I debated on several takes on this:
- Blogging as it’s happening with full technical details
- Blogging a journal that I could then release after the paper was finished and submitted
- Blogging as it’s happening but not talking about the technical details
The first is appealing, but probably wouldn’t go over well with my employer- and it is a simple idea that someone else could pick up and run with. I’m not paranoid, but in this case it might be too enticing for someone with the right skills. The second seems like not as much fun. So I’m opting for the third option and will be blogging about what I’m doing generally, but not giving specifics on the science, algorithms, or data I’m working with.
Background on the project
I’m not starting cold on this project. I came up with the idea last year but haven’t had time to implement it until now. It’s a dirt simple extension of an existing method that has the potential to be very interesting. I have the problem and data in hand to work on it. Last year we implemented a parallel version of a prototype of the algorithm. Now that I can actually work on it I can see a clear path to a finished project- being a submitted paper, or possibly inclusion as a part of a larger paper.

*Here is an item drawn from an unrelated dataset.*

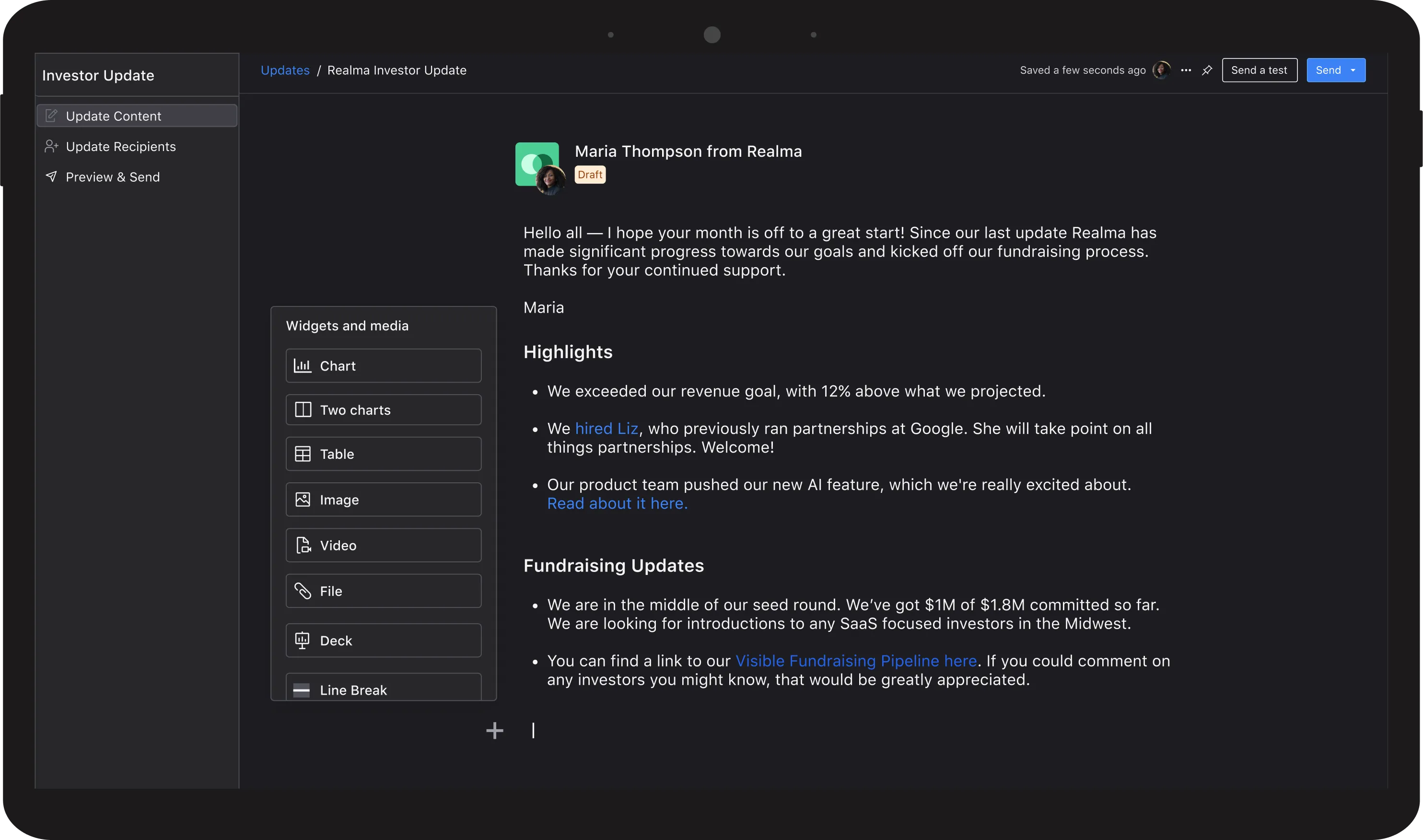 Build beautiful updates that can be shared via email, link, PDF, or Slack.

Started out by revisiting the idea. Thinking about it and doing some PubMed searches. I just wanted to make sure that it hadn’t been done by anyone, especially the groups that developed the original algorithm. Nothing seems to be there- which is good, because as I said- it’s dirt simple.

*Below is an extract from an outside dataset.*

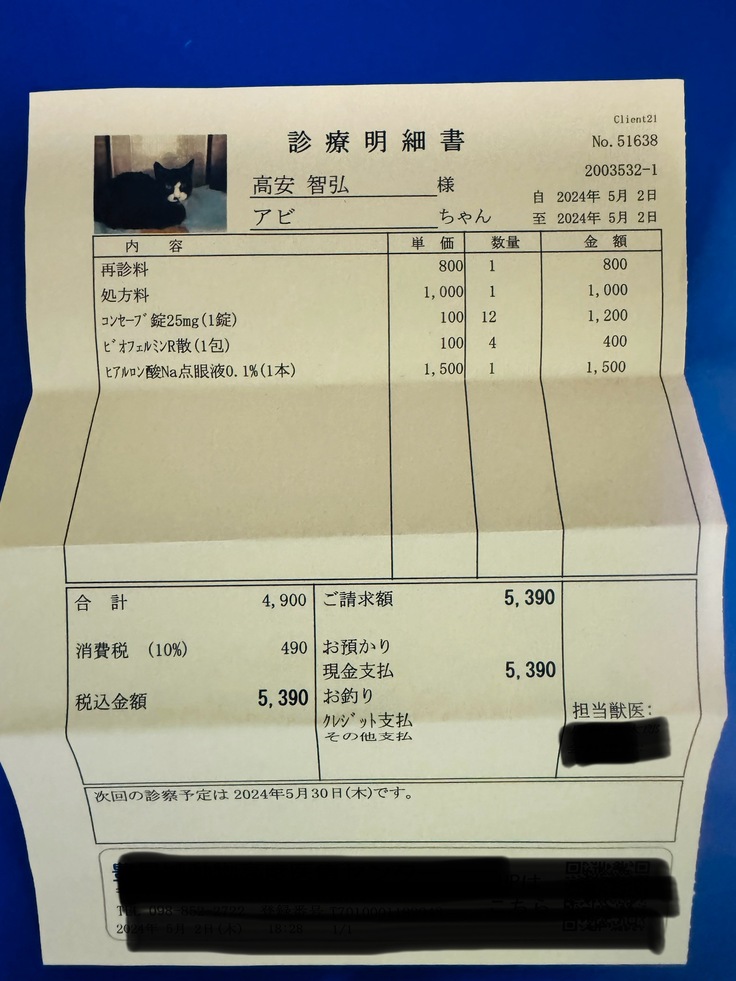 前回からもう皮下点滴の針が出せないという事で、別病院から処方してもらってますので、お薬代と目薬代だけでした。

Mid-day talked myself out of the idea in it’s original form- it can’t work as simply as I’d thought.
Relay my thoughts to my post-doc who reassured me that it was actually that simple and we could do it the way I originally envisioned. He was right. We talked about the statistics and algorithms for it for awhile.
Got my old code working again. Revised the core bits to handle the new idea. Actually ran some data through on my laptop using a very limited dataset. Looks like it works! So fun to actually be coding again and not just writing papers, grants, emails, or notes. Opened a blank Word document to do some writing. *sigh*
Decided on a tentative title (which will change) and a tentative author list. Myself, the post-doc who I talked with about it, the programmer who coded the parallel version previously, a post-doc who hasn’t worked on it yet, but probably will, and a senior domain expert. Yes, I’m doing this very early on. But as I said, there’s a clear path from here to a paper- it’s not too early.
More testing on the prototype code to make sure that it’s behaving as I think it should. Also coded up an alternative data pre-processing step that seems to be a good idea. Comparing results from both pre-processing methods determine that they give different answers. I’ll have to iron that one out later when working with the real datasets.
Figured out the plan for the project- at least in broad strokes. Run on complete dataset, implement a random permutation strategy to estimate false discovery rate, break up dataset and show how the method works on individual parts of it (this is specific to the problem), find another dataset for validation, write it up. Yes, it’s just that simple.
Discussed an additional very interesting strategy with post-doc number 1 that will really add novelty and hopefully value to the study. Also discussed the permutation strategy in some detail. That will be really important to demonstrate that this actually works.
Spent most of the day revising the code for the parallel implementation to get the new ideas and testing it out on our cluster to see if it works. Slow progress, but finally got the entire thing to run! I did a couple of test runs using a limited dataset and only running on 2 nodes. When those worked I did the whole shebang. Finished in about an hour on 60 nodes, which is really pretty impressive given what it’s doing. Definitely a win!
Now to work on putting some words down for the Introduction section. I also like to outline the results section by generally writing about how I think it will go in a glorified outline. I’ve posted about this process previously here.